The actual position of the tool in the tool chuck may be determined by a mechanical measurement, that is to say by measuring by contact of the tool and of the tool chuck with a measuring means. However, it is preferred to determine the actual position in a non-contact manner, in particular by means of a measuring apparatus having an optical system. The measuring apparatus normally comprises a camera and an evaluating unit which evaluates images detected with the camera and determines the actual position of the tool by means of predetermined calculation methods. With such an apparatus, accurate measurements can be carried out in a simple and effective manner. Damage caused by contact between the tool and the measuring apparatus can be reliably avoided.

The actual position of the tool is expediently determined via the actual position of a characteristic element of the tool, for example a cutting edge, a corner or edge or a tip. The actual position of the tool is deduced from the actual position of the characteristic element, or the actual position of the characteristic element is itself regarded as the actual position of the tool. In this case, the actual position of the characteristic element can be determined or checked in the direction in which the tool is inserted into the tool receptacle and/or in the radial direction relative to the rotation axis of the tool. The determination of the actual position of the tool in the direction of insertion enables the correct positioning of the tool in the tool chuck to be checked. The determination of the actual position of the tool in the radial direction enables the concentricity of the tool to be checked and can detect temperature-induced movements and in particular defects in the tool or in the tool chuck.

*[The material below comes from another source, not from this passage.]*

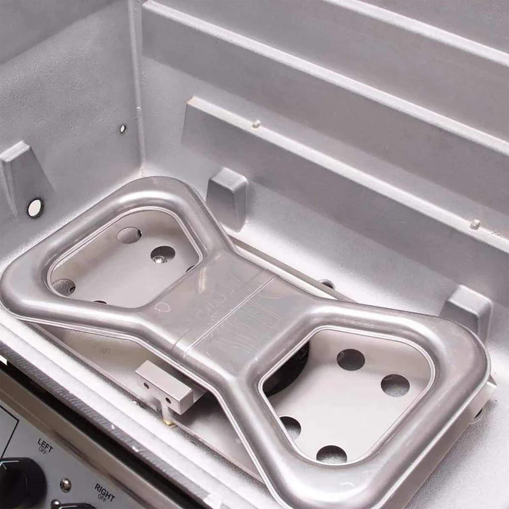 • The dual stainless steel Bowtie Burner ensures even heat distribution, eliminating hot spots and providing consistently delicious results across the entire cooking surface.
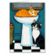 Cute cat themed note card featuring an illustration of a cats in the bathroom. A ginger tabby sleeps peacefully in the sink and a tuxedo sits beneath staring with big green eyes. Perfect to send to cat lovers and using for any occasion. Personalise the inside message or delete for a blank inside. Illustration © Lisa Marie Robinson. All rights reserved.

According to a preferred embodiment of the method according to the invention, the actual position of the tool is monitored during the insertion of the tool into the tool chuck. In this way, unintentional movement of the tool during the insertion, displacement in the tool gripper or canting in the tool chuck can be detected. When the actual position of the tool is being monitored during the insertion, the characteristic element of the tool is expediently freely accessible, so that the monitoring can be effected by means of an optical sensor.

According to a preferred embodiment of the method according to the invention, the actual position is determined in the axial direction and radial direction of the tool after the shrink fitting. In this way, both the actual position in the insertion direction of the tool and unbalance in the radial direction can be determined with great accuracy. If the unbalance is exceeded, that is to say if a tool is clamped in place obliquely beyond a specific value with regard to the insertion direction or axial direction, the process for shrinking the tool in place in the tool chuck can be repeated.

The actual position of the tool is expediently defined with regard to a reference point on the tool chuck. The reference point can be determined using an optical system. In numerous applications, however, it may be assumed that the reference point is arranged in an accurate position by the fastening of the tool chuck in a tool-mounting spindle, so that no further measurement of the reference point is required.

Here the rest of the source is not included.